Before you install the Impala on Cloudera Data Platform (CDP) OCF connector or before adding the data source to the catalog, ensure that you have performed the following:

Enable Network Connectivity

Create a Service Account

Configure Hive

Extract Complex Data Types

Obtain the JDBC URI for Public Cloud

Obtain the HTTP Path for Public Cloud

Prepare for Metastore Connection for Public Cloud

Prepare the Kerberos File

Prepare the SSL Certificate

Prepare for QLI for Private Cloud

Prepare for QLI for Public Cloud

Enable Network Connectivity¶

Open outbound TCP port 21050 to the Impala server
Open outbound TCP port 9083 to the metastore
Open outbound TCP port 9870 to the HDFS server
Open outbound TCP port 9871 to the HDFS server if the cluster uses TLS.
Open outbound TCP port 9864 on all cluster data nodes to Alation traffic when using webHDFS
Open outbound TCP port 9865 on all cluster data nodes to Alation traffic when using secure (TLS) webHDFS
Open outbound TCP port 443 on all cluster data nodes to Alation traffic

Create a Service Account¶

Create a service account for each of these different services used by Alation:

Impala

Metastore

HDFS

Based on your requirement, you can create three different service accounts or one service account for these services.

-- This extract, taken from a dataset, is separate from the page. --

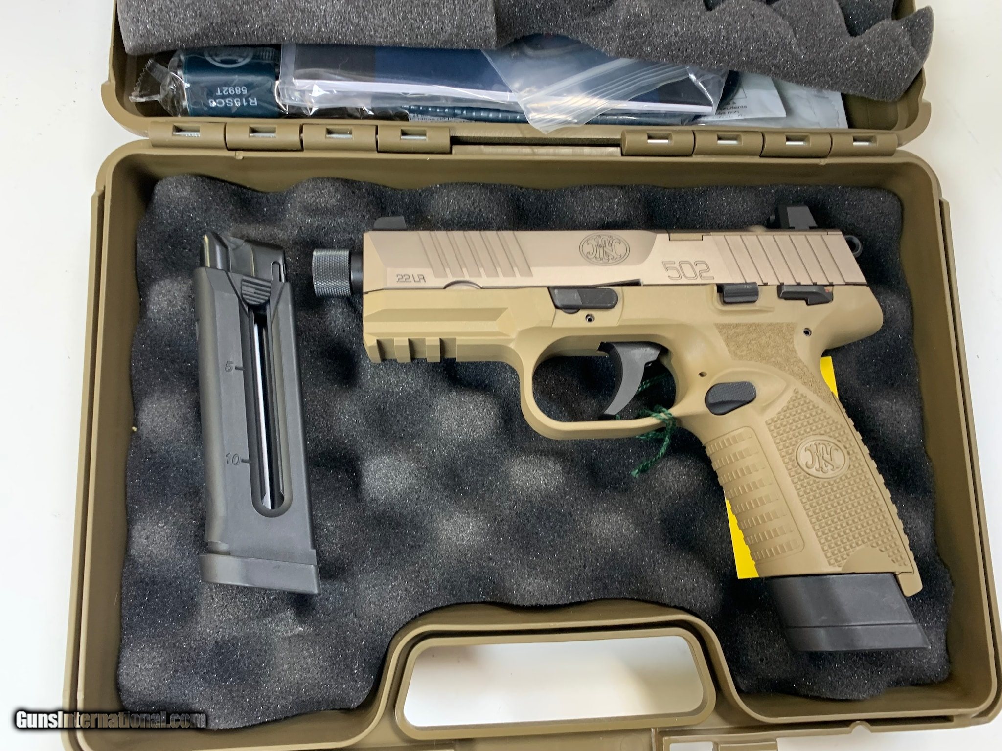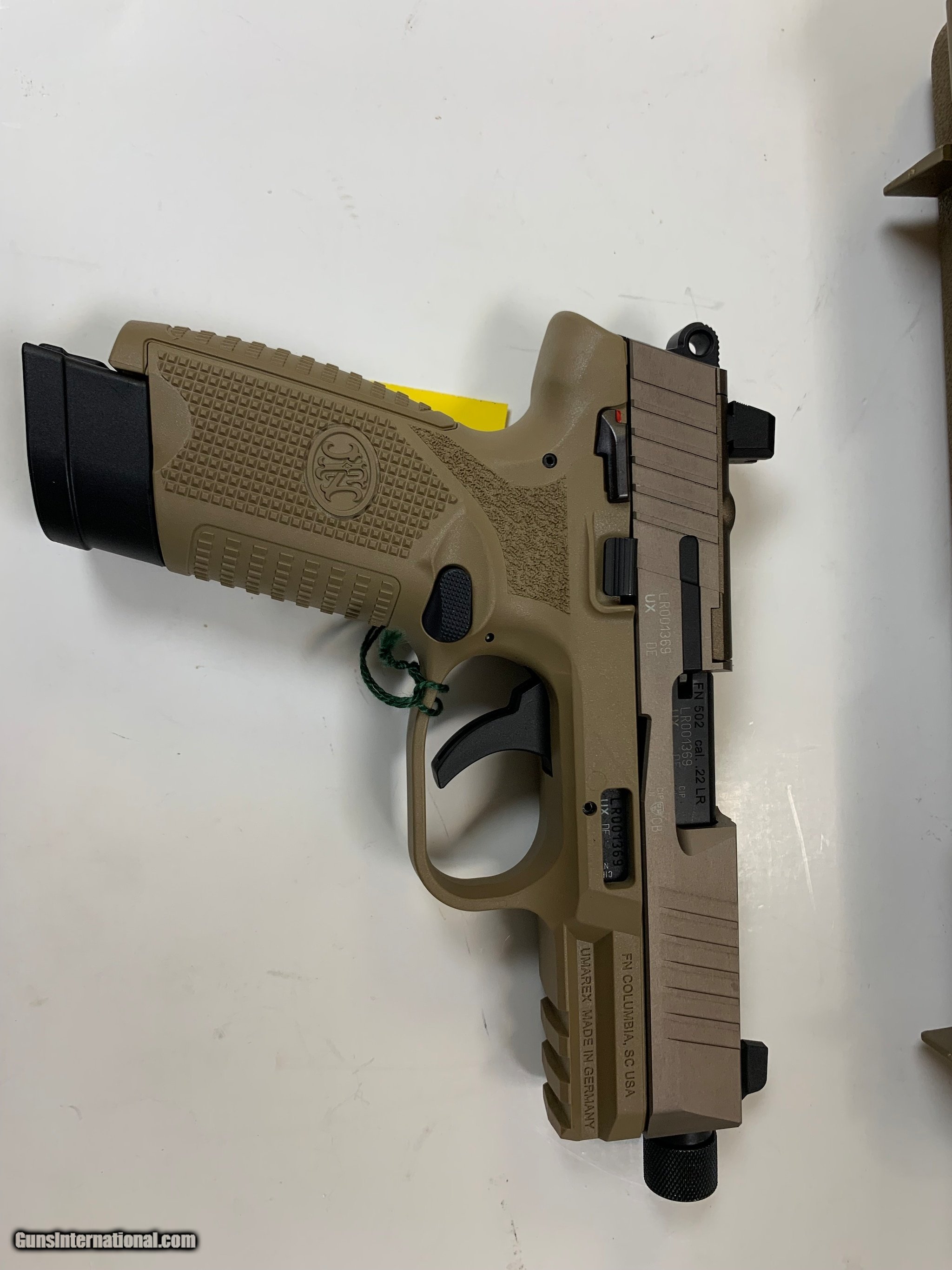 Description: Guns Listing ID: 673710 Hey are looking for a good .22LR Pistol? If so we have this one that is in good condition and will make good handgun to own! So don‚‚t let this one get away from you today! Have any questions look at the pictures and be sure ask any you have on it SOLD Manufacturer: FN America Model: FN 502 TACTICAL Caliber Info: .22 LR Condition: Used - Non-Certified Barrels: 4.6" barrel Finish: FLAT DARK EARTH |

The service account requires these permissions:

SELECT permission for all schemas which you plan to extract into the catalog.

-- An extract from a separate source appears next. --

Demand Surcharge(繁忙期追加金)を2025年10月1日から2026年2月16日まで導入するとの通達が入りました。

Read and execute permissions for Impala external tables.

Access to the Metastore.

Read permission for the HDFS location that stores Impala query logs.

In case your Impala data source is kerberized, we recommend creating the service account in the same realm as the realm used by Impala users.

Configure Hive¶

Ensure that in the Hive service configuration, the property metastore.storage.schema.reader.impl is set to rg.apache.hadoop.hive.metastore.SerDeStorageSchemaReader.

To check the value or set it:

Open the Cloudera Manager homepage.
Click on Hive.
Click the Configuration tab.
On the Configuration tab, search for Hive Metastore Server Advanced Configuration Snippet (Safety Valve) for hive-site.xml and click the plus icon on Hive Metastore Server Default Group.
In the Name field, enter the name metastore.storage.schema.reader.impl.
In the Value field, enter the value org.apache.hadoop.hive.metastore.SerDeStorageSchemaReader.
Click Save Changes.
A restart icon will pop up after a few seconds. Click on it to restart the service.
In the window that opens, click Restart Stale Service.
Select Re-deploy client configuration and then click Restart Now.
Wait for the service to restart and then click on the Continue button that will appear after the restart.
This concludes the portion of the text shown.